[Stored items from a collection]
------------

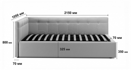 Интерьерная кровать-тахта имеет усиленное металлическое основание с амортизирующими ортопедическими ламелями.
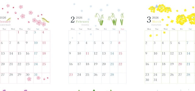 2026年用♪心ときめくやさしいかわいいイラストデザインのカレンダーでスケジュール管理をエンジョイ♪
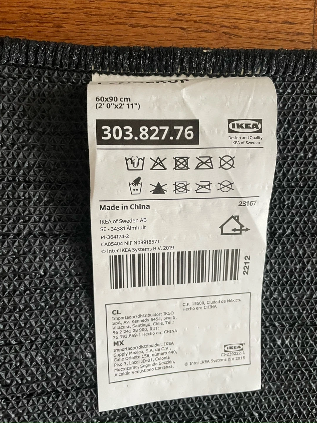 This IKEA door mat is 60x90 cm. It's made of durable material. Use it by your door to keep dirt out!
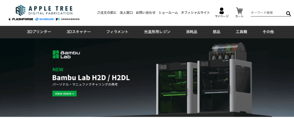 APPLE TREEは、高品質なフィラメント・樹脂・パーツ類が揃う3Dプリンター材料専門店。
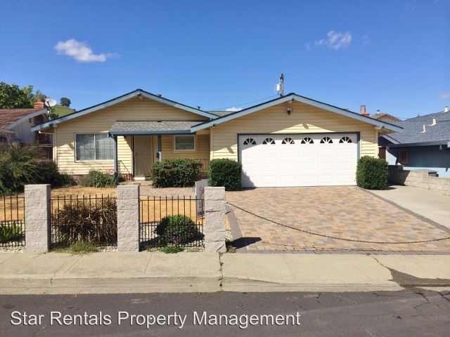 (707) 447-9411 - 3 BEDROOM VACAVILLE W/ POOL *STAR RENTALS - - 3 BEDROOM 2 BATH W/ POOL! - 1,528 SQ. FT. HOME - MODERN UPDATED HOME - ONE STORY - 2 CAR GARAGE W/ ADDITIONAL STORAGE - PAVER DRIVEWAY W/ ROOM FOR BOAT/RV - DUAL PANE WINDOWS & SLIDERS - SEPARATE FAMILY/LIVING ROOMS - HARDWOOD FLOORS THROUGHOUT - FRONT SECURITY DOOR - LARGE BEDROOMS W/ CEILING FANS - MODERN KITCHEN FEATURES; NEW CABINETRY, NEWER MATCHING APPLIANCES, NEWER TILE FLOORS, DOUBLE SINK, NEWER FIXTURES, BREAKFAST NOOK, NEWER CEILING FAN, MODERN COUNTERTOPS, BAY WINDOW, - FAMILY ROOM FEATURES; NEW HARDWOOD FLOORING, EXPOSED BEAM CEILING, CEILING FAN, ROCK FACED FIREPLACE W/ INSERT, SLIDER TO BACKYARD - HALL BATH FEATURES; TILE FLOORS, NEWER VANITY, NEWER TOILET, MODERN TILED SHOWER, UPDATED CABINETRY - MASTER BATH FEATURES; TILE FLOORS, NEWER TOILET AND VANITY - LANDSCAPED BACKYARD FEATURES; LARGE POOL, TILED PATIO W/ OVERHANG, STAMPED CONCRETE AROUND POOL, NEWER FENCING - NO PETS!! No Pets Allowed (RLNE3426631) Pet policies - No Dogs Allowed, No Cats Allowed.
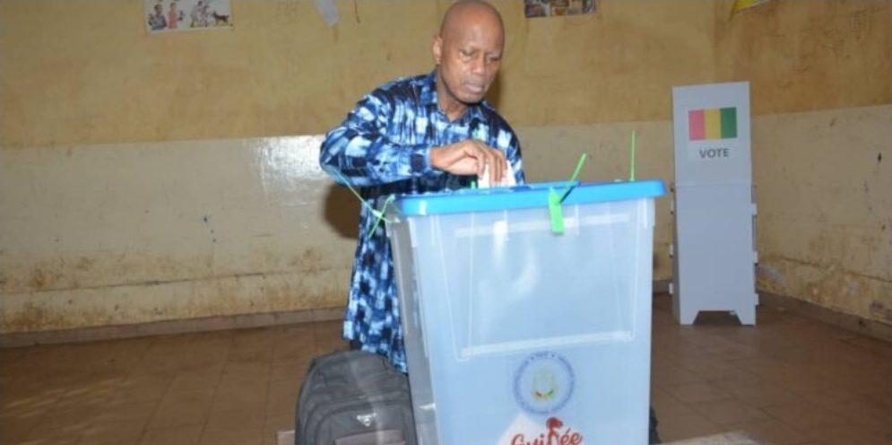 Conakry_Guinée : le Président de la Haute Autorité de la Communication (HAC), Boubacar Yacine Diallo, a accompli son devoir citoyen en glissant le bulletin de vote dans l’urne au bureau N°2 à Matoto Centre.
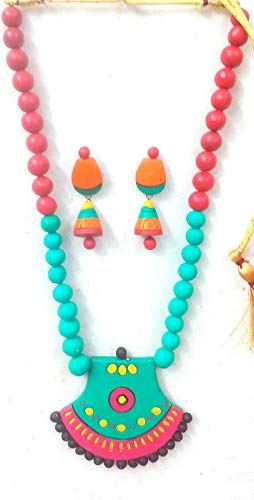 Handmade Terracotta Neck Sets uses ethnic designs and vivid colours. It is immensely popular in the fashion industry

------------

Above are records with pictures. Reproduce exactly only the lines from the line with "2026年用♪心ときめくやさ" through the line with "APPLE TREEは、高品", both ends included, and leave the pictures out.

* Result of the task *
 2026年用♪心ときめくやさしいかわいいイラストデザインのカレンダーでスケジュール管理をエンジョイ♪
 This IKEA door mat is 60x90 cm. It's made of durable material. Use it by your door to keep dirt out!
 APPLE TREEは、高品質なフィラメント・樹脂・パーツ類が揃う3Dプリンター材料専門店。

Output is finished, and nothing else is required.